Ah that's good to know, thanks. Also confirms minimum tank size of 60x30. 

I'm surprised your Chilis like a bit of flow, I thought they liked it dark and slow. I'd really like to get some one day - but I am so limited by what can be obtained from here and the shop I order through have a habit of getting livestock I didn't ask for.


----------



## Wookii (12 May 2021)

ScaperJoe said:


> Ah that's good to know, thanks. Also confirms minimum tank size of 60x30.
> 
> I'm surprised your Chilis like a bit of flow, I thought they liked it dark and slow. I'd really like to get some one day - but I am so limited by what can be obtained from here and the shop I order through have a habit of getting livestock I didn't ask for.

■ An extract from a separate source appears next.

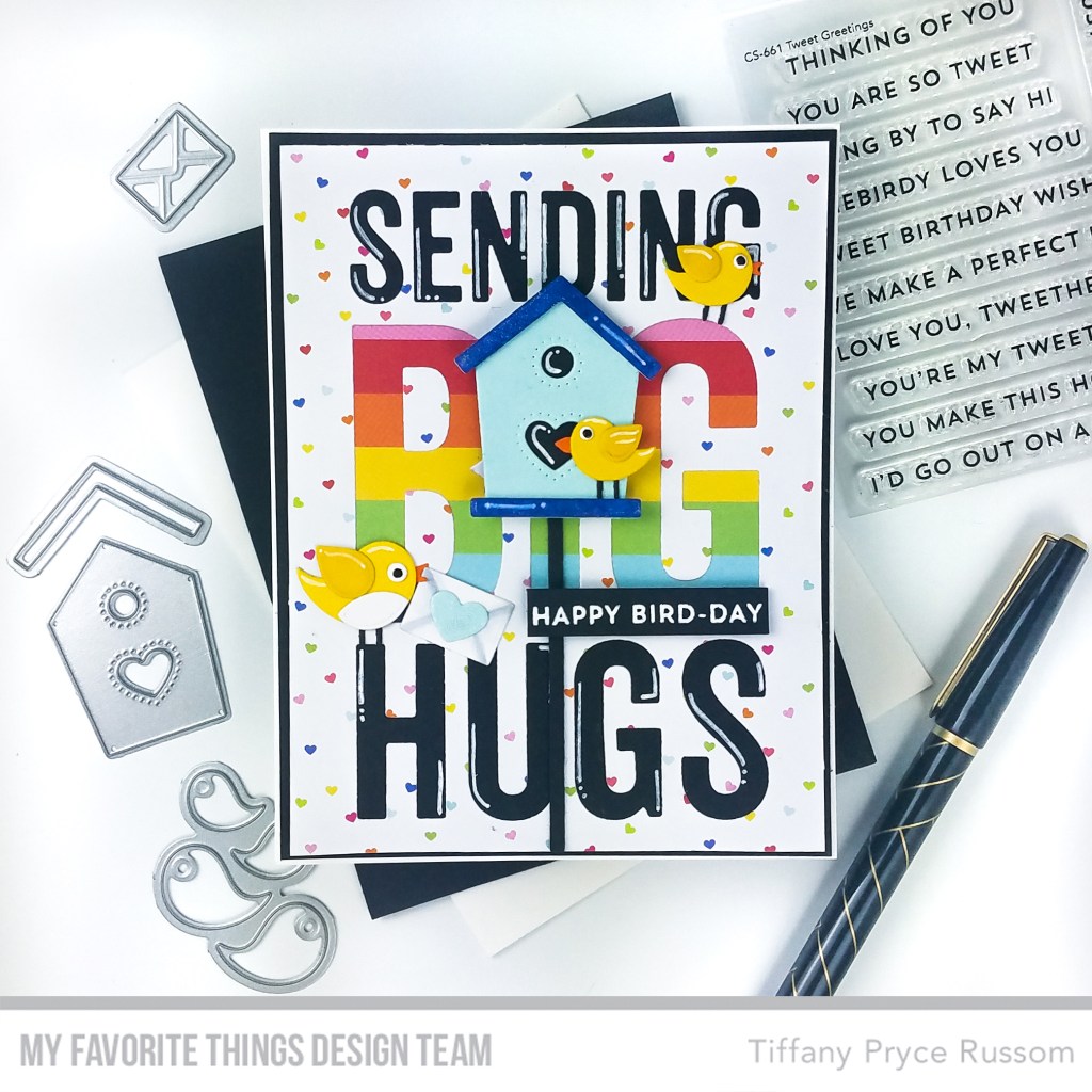 Hey friends! It’s time for a new MFT card kit release! Today is Countdown Day 1, and I’m sharing a card made mostly of die cuts. This month’s kit is called Tweet Greetings, and it is another adorable kit for cards of all occasions. It features cute birds and bird accessories like a ring to perch a bird on and adorable birdhouses. For my card today, I combined the new products with an older product for a fun, birthday card.

I suspect they'd probably prefer it slower, and definitely more 'black water', but they do willingly swim in the stronger flow at the top of the tank - possibly because they might think some food is in the offing.


----------



## Hufsa (12 May 2021)

My chilis have been happier after I reduced flow, although before it was very overkill. They like to "stand" in the neutral areas and show off to each other inside tall plants. I think they cope better with a little rapid swimming now and then when they dont have to be in it all the time


----------



## ScaperJoe (12 May 2021)

Hufsa said:


> My chilis have been happier after I reduced flow, although before it was very overkill. They like to "stand" in the neutral areas and show off to each other inside tall plants. I think they cope better with a little rapid swimming now and then when they dont have to be in it all the time



yeah my Phoenix seem to love it when I turn the eheim skim 350 on for a couple minutes. They get right in the flow and colour up like it’s mating season. They hated the first lily pipe I had and were constantly battling the whirlpool, but the occasional burst in water movement seems to make it party time. Maybe it simulates monsoon somehow?


----------



## ScaperJoe (22 May 2021)

So this is what I went with in the end.

3 pieces of sponge to close the back up, 2 wedged nicely and I superglued a third piece to link them together - which means the whole piece is removable if needed.

I've then used mosquito mesh to cover the grids on the left and front. I'm hoping this will make the filter safe for potential fry, but I'm sure I have compromised the filter's ability. I think the mesh will gunk up quickly, but seeing as I might be moving to an Oase Filtosmart Thermo 100 soon, I figured I would give this a go.

I'm loving the trial and error aspect of this hobby (where there is no danger to life)  - Its all just one big experiment really!


----------